It has been decades since I graduated the University of Virginia, first with a history major and then with a law degree. During my days at "UVA," I attended many a fraternity party and it is not without reason that the school is known as a party school despite the rigorous academics that are the norm. This week, Rolling Stone published a story that has sent the University administration reeling and let to the unusual move of the suspension of all fraternity and sorority activities until January 9, 2015. The story alleges a gang rape in 2012 at the Phi Kappa Psi fraternity house (pictured above). I did not belong to Phi Kappa Psi but did attend some parties there from time to time (I initially belonged to Zeta Psi and shifted my allegiance to Kappa Sigma later). Back then, let's just say the Phi Kappa Psi parties were wild even by UVA standards.
I don't know if the allegations of the rape are true or not, but I do know two things: (i) like most institutions, UVA tends to place maintaining its reputation above all else and (ii) here in Virginia, too often the authorities, including the police, tend to put too little effort into protecting the rights of minorities, gays, and yes women. In the latter regard, we have a bunch of aging white male Republicans in the General Assembly striving to maintain control of women's uterus yet paying little attention to the other needs of women. The male chauvinism can be intense, especially when Republicans hold power. The problem is part of the overall problem of needing to drag Virginia fully into the 21st century and insuring that ALL Virginians are protected be they male or female, gay or straight, white or belonging to to a racial minority.
The Rolling Stone articles is in many ways not accurate - e.g., most students are from average family backgrounds and while there are still self-imagined "Southern aristocrats," things today are far more egalitarian than 40 years ago - and doesn't paint an unbiased picture of the university.
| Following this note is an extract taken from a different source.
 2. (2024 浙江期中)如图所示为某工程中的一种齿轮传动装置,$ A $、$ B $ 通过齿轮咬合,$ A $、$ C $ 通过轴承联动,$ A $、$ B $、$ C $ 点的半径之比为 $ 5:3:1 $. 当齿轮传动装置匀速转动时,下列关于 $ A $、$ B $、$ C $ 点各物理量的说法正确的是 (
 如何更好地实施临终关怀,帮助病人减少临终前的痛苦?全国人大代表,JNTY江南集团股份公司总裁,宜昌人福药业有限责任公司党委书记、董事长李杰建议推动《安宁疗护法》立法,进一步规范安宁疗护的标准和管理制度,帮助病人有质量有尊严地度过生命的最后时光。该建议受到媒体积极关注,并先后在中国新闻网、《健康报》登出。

Here are some article highlights that seem off the mark:
But the dearth of attention isn't because rape doesn't happen in Charlottesville. It's because at UVA, rapes are kept quiet, both by students – who brush off sexual assaults as regrettable but inevitable casualties of their cherished party culture – and by an administration that critics say is less concerned with protecting students than it is with protecting its own reputation from scandal. Some UVA women, so sickened by the university's culture of hidden sexual violence, have taken to calling it "UVrApe."
"University of Virginia thinks they're above the law," says UVA grad and victims-rights advocate Liz Seccuro. "They go to such lengths to protect themselves. There's a national conversation about sexual assault, but nothing at UVA is changing."
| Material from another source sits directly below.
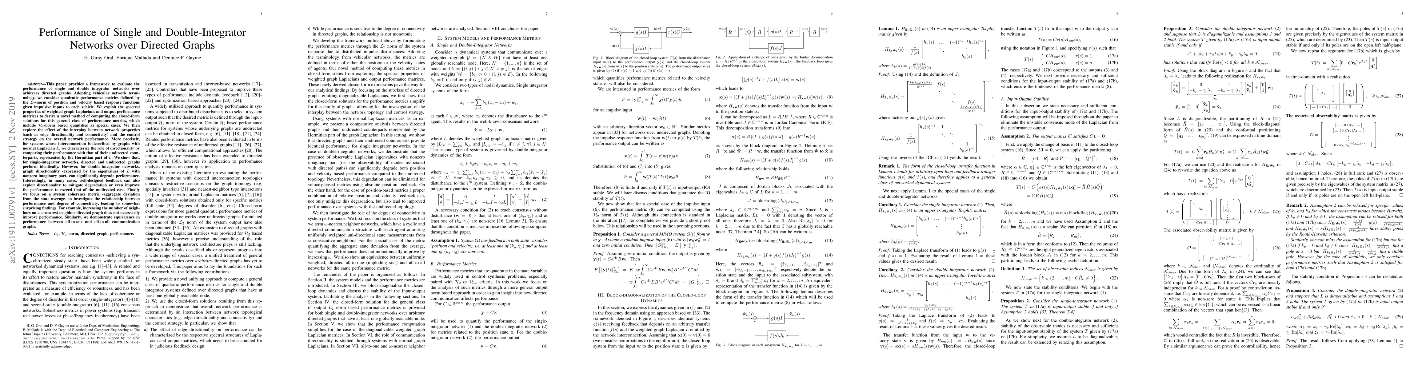 This research presents a framework to assess the performance of single and double integrator networks over directed graphs using L2-norm of position and velocity. It reveals that for single-integrator networks, graph directionality has no impact, but for double-integrator networks, directionality can negatively affect performance, though well-designed feedback can sometimes mitigate or even enhance outcomes. Surprisingly, increasing connectivity does not always improve performance, and all-to-one and all-to-all communication graphs show equivalent performance.

Prestige is at the core of UVA's identity. Although a public school, its grounds of red-brick, white-columned buildings designed by founder Thomas Jefferson radiate old-money privilege, footnoted by the graffiti of UVA's many secret societies, whose insignias are neatly painted everywhere. At $10,000 a year, in-state tuition is a quarter the cost of the Ivies, but UVA tends to attract affluent students, and through aggressive fundraising boasts an endowment of $5 billion, on par with Cornell. "Wealthy parents are the norm," says former UVA dean John Foubert.
Attorney Wendy Murphy, who has filed Title IX complaints and lawsuits against schools including UVA, argues that in matters of sexual violence, Ivy League and Division I schools' fixation with prestige is their downfall. "These schools love to pretend they protect the children as if they were their own, but that's not true: They're interested in money," Murphy says. "In these situations, the one who gets the most protection is either a wealthy kid, a legacy kid or an athlete. The more privileged he is, the more likely the woman has to die before he's held accountable."